*DIRECTIONS FOR THIS TASK*
Skip all pictures. Set down only the lines starting at the line containing "近日,河南洛阳龙门车站沐浴在" and running to the end of the listing.

*DATA PROVIDED*
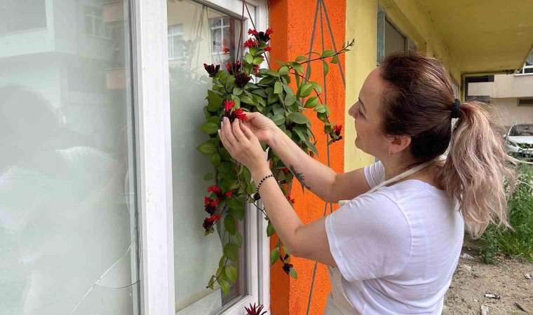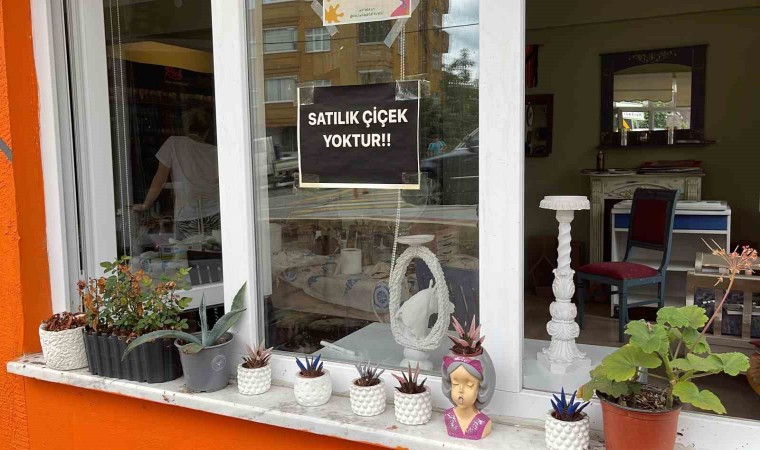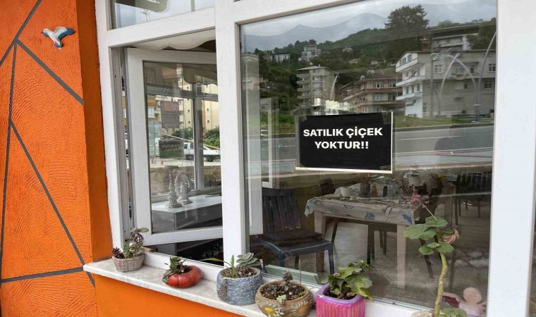 Rize’de bir sanat atölyesinde eğitmenlik yapan 48 yaşındaki Şaduman Öz, atölyenin penceresinde gözü gibi baktığı çiçekleri yoldan geçen herkesin istemesi üzerine cama "Satılık çiçek yoktur" yazısı astı.
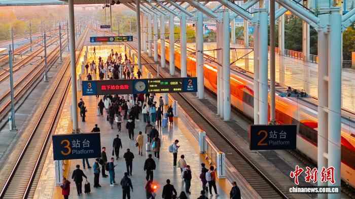 近日,河南洛阳龙门车站沐浴在夕阳霞光中,身披金辉的高铁列车与绚烂晚霞相映成趣。光影交织间,旅客出行的匆忙与落日的柔美碰撞,勾勒出一幅诗意的旅途画卷。图为旅客在夕阳下的高铁站台候车。任伟峰 摄
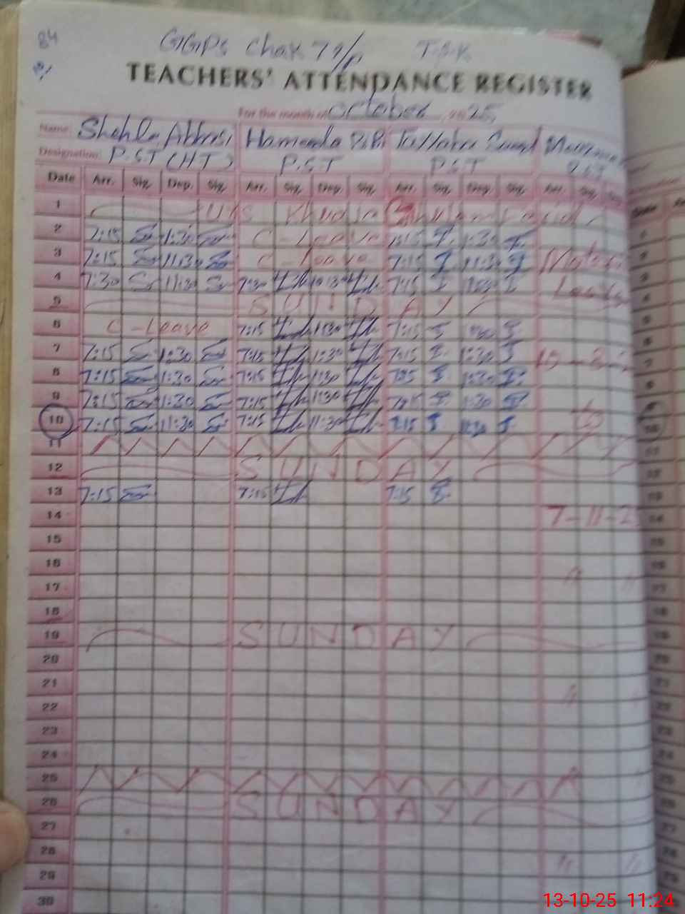 | Name: SH**** AB**** Designation: (School Headmaster's/Headmistress's) PST/PTC/JV Phone/Cell Number: 03**** |

*OUTPUT FOR THIS TASK*
 近日,河南洛阳龙门车站沐浴在夕阳霞光中,身披金辉的高铁列车与绚烂晚霞相映成趣。光影交织间,旅客出行的匆忙与落日的柔美碰撞,勾勒出一幅诗意的旅途画卷。图为旅客在夕阳下的高铁站台候车。任伟峰 摄
 | Name: SH**** AB**** Designation: (School Headmaster's/Headmistress's) PST/PTC/JV Phone/Cell Number: 03**** |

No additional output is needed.